As tais BMWs que andavam a 300km/h, diante de uma placa de “obras” com velocidade máxima permitida de 20km/h, não se faziam de rogadas, ainda que não existisse nenhum vestígio de obras por quilômetros de distância, iam a 20km/h (na pista da direita e dando sinal antes de que estavam mudando de pista, é claro!) Só voltavam à velocidade “normal” se alguma outra placa assim as autorizasse!

Aliás, sinalização nas estradas alemãs é o que não falta! Acabamos até nos perdendo por causa do excesso de informação, é mole? Pra chegar em Trier, existiam diversas placas indicando sempre “Trier-alguma coisa”… E esse “alguma coisa” era sempre um aglomerado que consoantes que variava conforme a saída indicada… Vai saber o que significa aquele “alguma coisa” depois do nome da cidade… Escolhemos ao acaso e, obviamente, fomos parar no meio do nada, sem ter noção de onde estávamos nem para onde deveríamos ir…

Paramos para pedir informação a uma senhora que passava, que não falava um “a” em inglês, mas que foi muito solícita e, através de gestos, nos ensinou direitinho o caminho.

A sua explicação, muito engraçada, foi mais ou menos assim: “vira a direita, depois à esquerda, direita de novo e “oh! Porta Nigra!”, fazendo uma cara de surpresa com as duas mãos no rosto, como quem brinca de esconder com crianças, dando a entender que teríamos chegado no nosso destino.

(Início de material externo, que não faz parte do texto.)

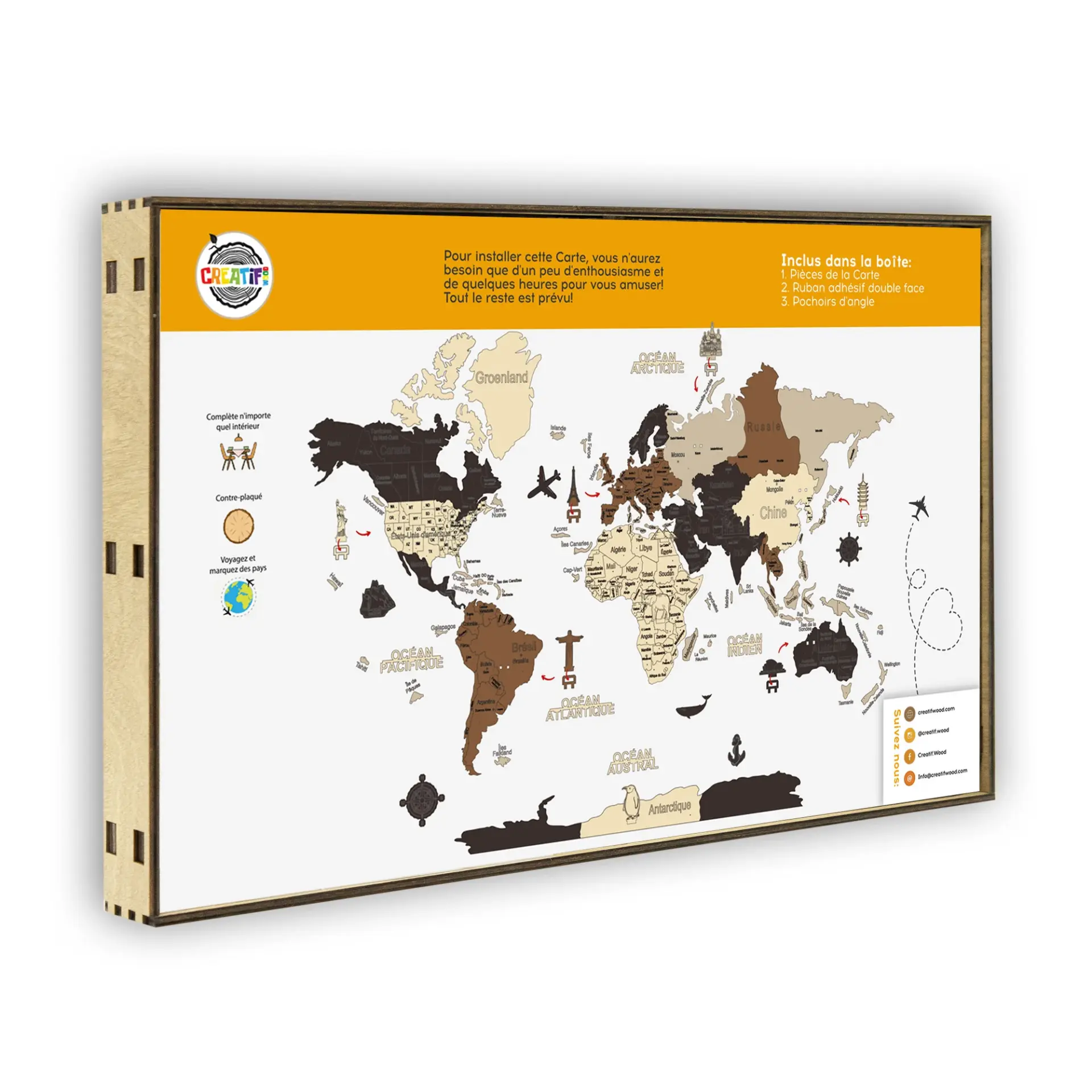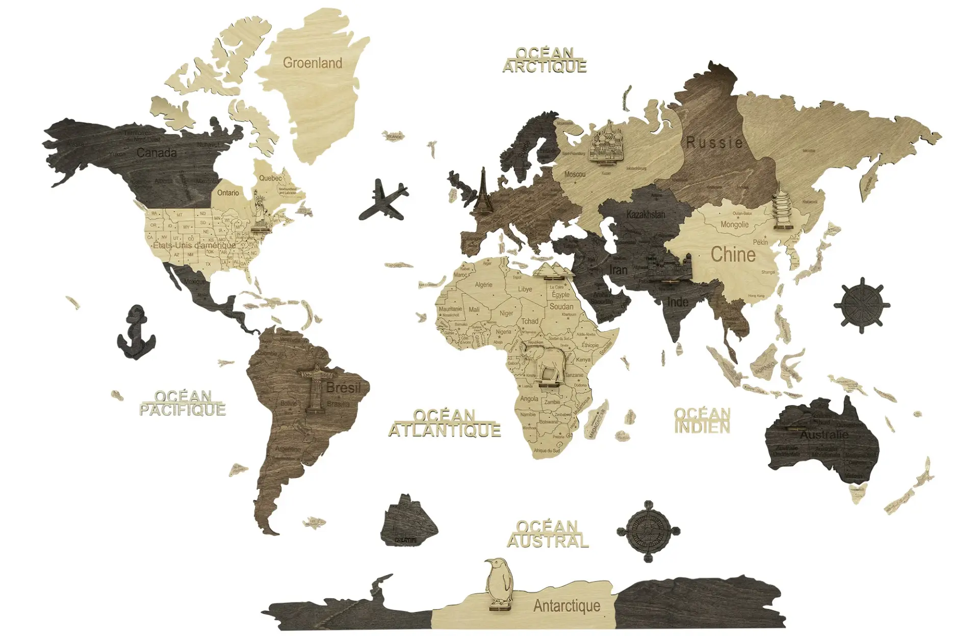 La mappa del mondo in legno è una rappresentazione artistica della Terra e dei suoi continenti, realizzata in legno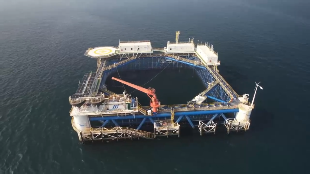 在距離大陸岸線42海里的海域坐落著這樣的深遠海智能網(wǎng)箱平臺,網(wǎng)箱長寬均為68米,布設500個監(jiān)測點,配備了聲納、激光雷達等設備。這樣的1個網(wǎng)箱每年能產(chǎn)出100萬條魚,只需要4個工人來操作。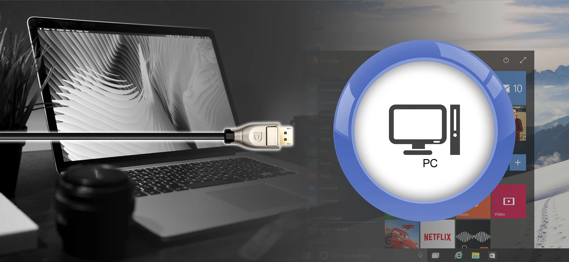 computer or other device with displayport interface for video editing or post production.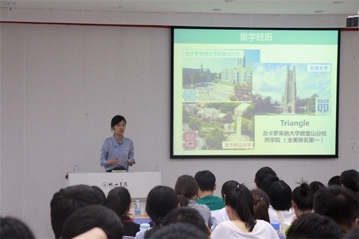 在题为“放飞医药健康的科学之梦”的报告中,何冰芳从自己上大学谈起,结合了自己的科研经历,介绍了天然产物挖掘、新型功能寡糖制备、肠道菌群与人体健康等热点问题,深入浅出分享了科研团队在天然药物开发、新型功能寡糖制备的最新成果。江苏省优青项目获得者姜天玥,从自己博士阶段的研究和国外的生活谈起,以纳米脂质体药物传送系统为研究对象,分享了自己一路走来的研究成果。报告会持续了2个多个小时,两位老师的幽默风趣,赢得掌声不断,也开阔了同学们的视野,强化了同学们努力学习、致力于科学研究的信心。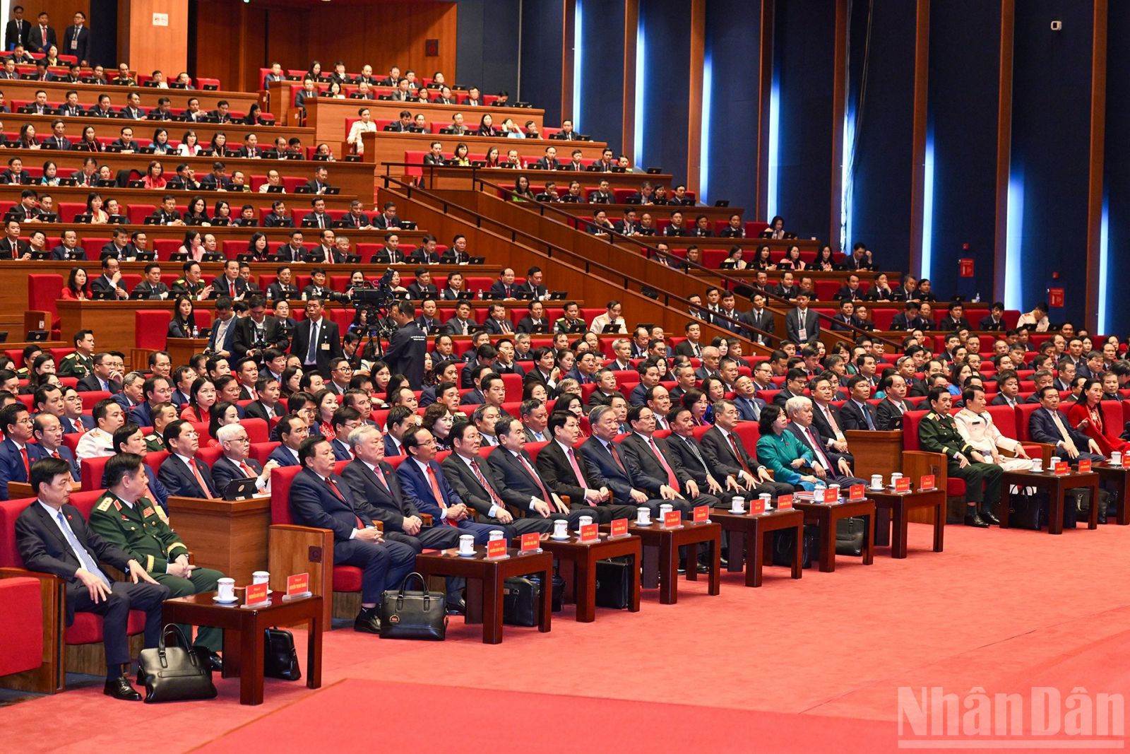 Toàn thể Đại hội dành một phút mặc niệm để tưởng nhớ đến đồng chí cố Tổng Bí thư Nguyễn Phú Trọng và các đồng chí Ủy viên Ban Chấp hành Trung ương Đảng khóa XIII đã từ trần trong nhiệm kỳ Đại hội XIII.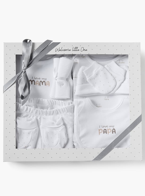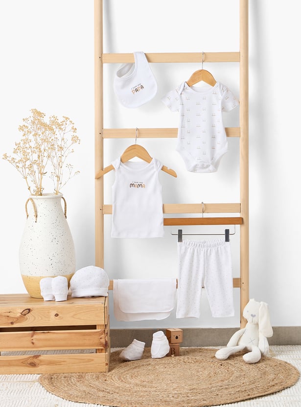 This charming nine-piece clothing gift set is perfect for baby boys, featuring adorable printed designs. Crafted from soft fabric, it ensures comfort for your little one's casual wear. Ideal as a thoughtful gift, this set celebrates the joy of family moments.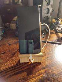 Pratico supporto da tavolo in bambù per smartphone che permette la ricarica grazie al passaggio del filo nella parte inferiore come da foto. Davvero comodo e bello. NUOVO ancora imballato.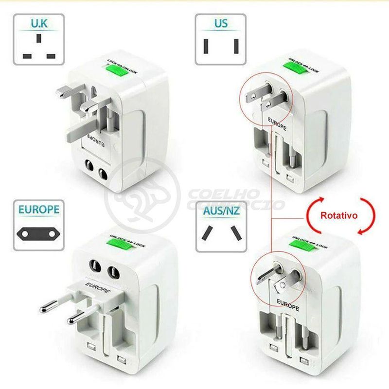 Adaptador Tomada Universal Padrão 150 Países Uk Europa Eua Asia Viagem Bivolt 110/220 Bivolt AioVocê é uma pessoa que sempre esta viajando? E já ficou sem carregar seu Notebook ou qualquer aparelho eletrônico, porque onde você ficou hospedado não tinha o padrão de tomada compatível? Este problema acabou! Aqui esta o mais novo Adaptador Universal de Tomadas, compatível com mais de 150 padrões de países.O produto é Ideal para você levar em todas as suas viagens, pois, ele se adapta em qualquer padrão de tomada, com isso você não precisa mais se preocupar em levar um monte de adaptadores para cada aparelho eletrônico.Incrível não é mesmo? Não deixe de adquirir o seu Adaptador Universal compatível com mais de 150 países. Aproveite!Máxima Voltagem de Entrada:250VMáxima Corrente de Entrada:10ADimensões:Altura: 7,5 cmLargura: 5 cmProfundidade: 4 cmPeso: 90gConteúdo da Embalagem:1 - Adaptador de Tomadas Universal 150 países1 - Caze Para Armazenamento1 - Manual de InstruçõesCertificador: ABILITNº Certificado: ABY-OCP-2021/0143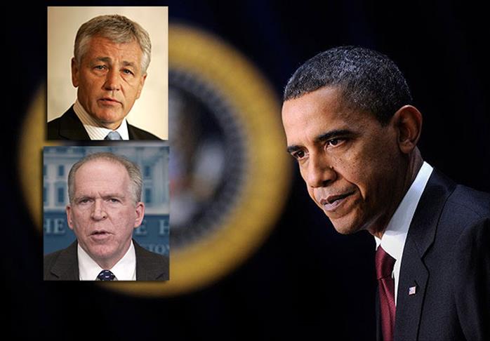ABD Başkanı Barack Obama, savunma bakanlığına eski Cumhuriyetçi senatör Chuck Hagel'i, CIA başkanlığına da Beyaz Saray Terörle Mücadele ve İç Güvenlik Danışmanı John Brennan'ı resmen aday gösterdi.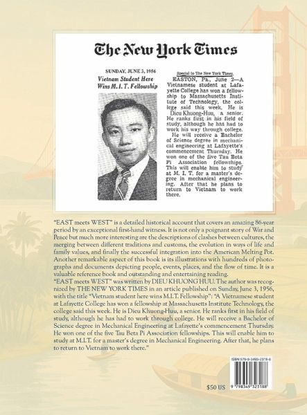 "EAST meets WEST" is a detailed historical account that covers an amazing 86-year period by an exceptional first-hand witness. It is not only a poignant story of War and Peace but much more interesting are the descriptions of clashes between cultures, the merging between different traditions and customs, the evolution in ways of life and family values, and finally the successful integration into the American Melting Pot. Another remarkable aspect of this book is its illustrations with hundreds of photographs and documents depicting people, events, places, and the flow of time. It is a valuable reference book and outstanding and entertaining reading. "EAST meets WEST" was written by HUU DIEU KHUONG. The author was recognized by THE NEW YORK TIMES in an article published on Sunday, June 3, 1956, with the title "Vietnam student here wins M.I.T. Fellowship": "A Vietnamese student at Lafayette College has won a fellowship at Massachusetts Institute Technology, the college said this week. He is Dieu Khuong-Huu, a senior. He ranks first in his field of study, although he has had to work through college. He will receive a Bachelor of Science in Mechanical Engineering at Lafayette's commencement Thursday. He won one of the five Tau Beta Pi Association fellowships. This will enable him to study at M.I.T. for a master's degree in Mechanical Engineering. After that, he plans to return to Vietnam to work there."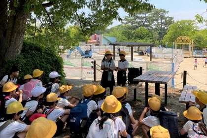 リーダーの子どもたちが、思い出に残る遠足にするために、電車に乗る際、遊ぶ際、お弁当を食べる際の約束事を伝えてくれました。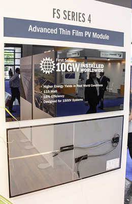 Nach Aussage von Karim Asali liegt die Effizienz der Serienmodule derzeit bei 16 Prozent. „Die Module leisten bereits 115 Watt“, bestätigte der Experte, der in Europa für die Technik zuständig ist. „Wir haben die Systemspannung von 1.000 Volt auf 1.500 Volt erhöht. Dadurch können wir 15 Module in einem String schalten statt bisher zehn Module.“
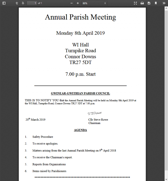 THIS IS TO NOTIFY YOU that the Annual Parish Meeting will be held on Monday 8thApril 2019 at the WI Hall, Turnpike Road, Connor Downs TR27 5DT at 7.00 p.m.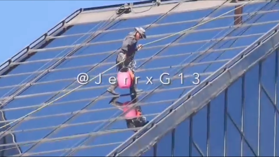 Y sí, la principal razón por la que este video se viralizó es porque en él se puede observar como un limpiador de vidrios solo se sujeta con una cuerda para no caer al vacío, a la vez que también carga una cubeta con el jabón y otras herramientas para cumplir con su valiente chamba.
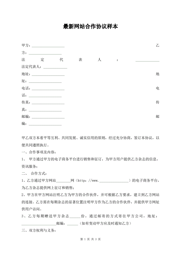 最新网站合作协议样本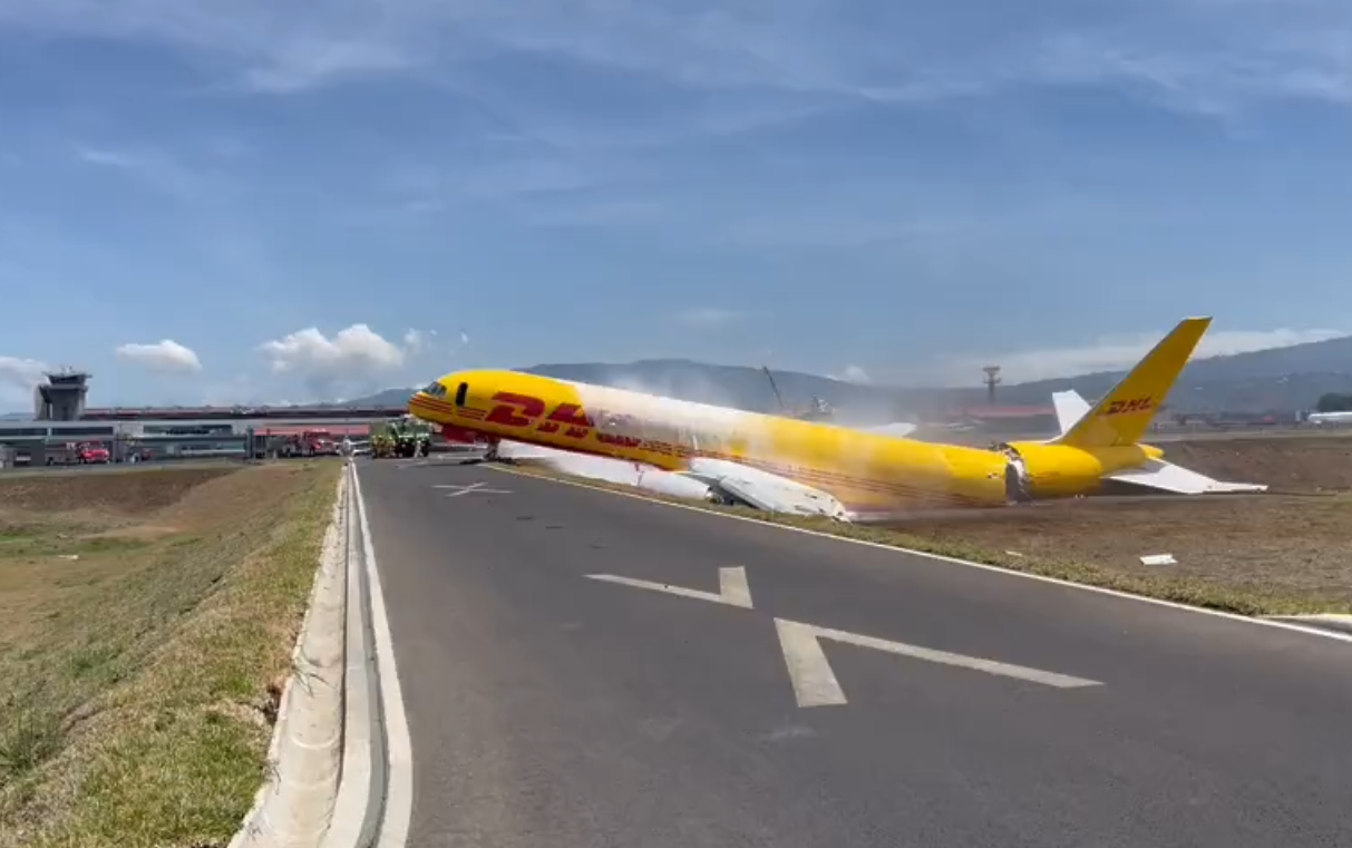 Kényszerleszállás közben ketté tört egy teherszállító repülőgép Costa Ricában.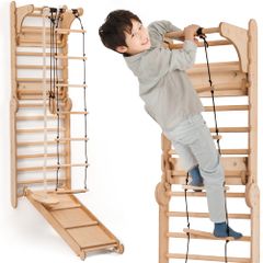 新品 6-in-1 木製スウェーデンウォール&すべり台セット 子供用 多機能クライミングラダー・ブランコ付き 室内遊具 2~12歳向け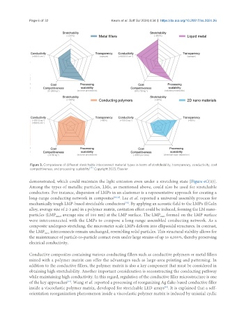 Figure 3. Comparisons of different stretchable interconnect material types in terms of stretchability, transparency, conductivity, cost
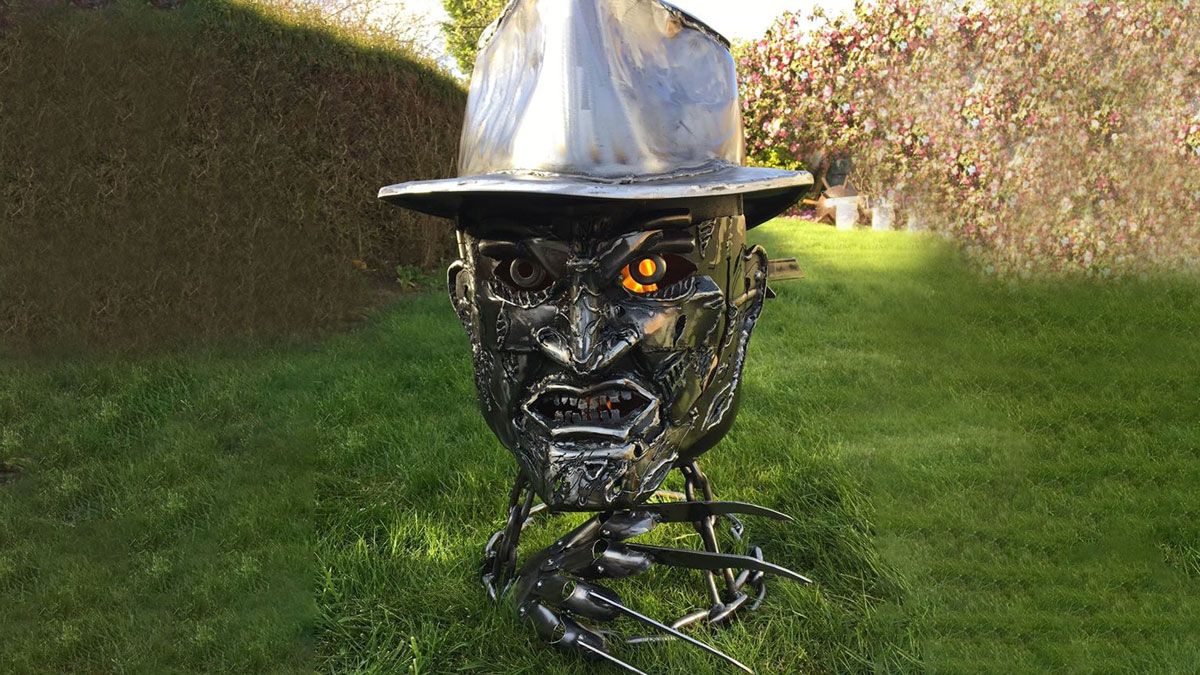 Esta fogueira a lenha é uma réplica da distinta cabeça de Krueger e suas luvas afiadas servem como pernas para o fogão.

Não deu outra, dizer “oh, Porta Nigra!” com cara de espanto, até hoje serve como um tipo de “código” nas nossas viagens para indicar que chegamos em algum lugar importante.

Bom, já deu pra perceber que a tal Porta Nigra é a principal atração de Trier. Não é pra menos, é uma porta do século II, construída pelos romanos, com o uso de blocos de pedra e barras de ferro, sem o uso de argamassa. É uma obra-prima da engenharia porque está até hoje de pé graças à força da gravidade, uma vez que não existe nenhum tipo de “cola” para manter os blocos de pedra unidos. Show, né?

trier3.jpg

Mas nem só de Porta Nigra vive Trier. Diz a lenda que Trier é a cidade mais antiga da Alemanha, foi fundada no ano 15 antes de Cristo e seis imperadores moraram por ali.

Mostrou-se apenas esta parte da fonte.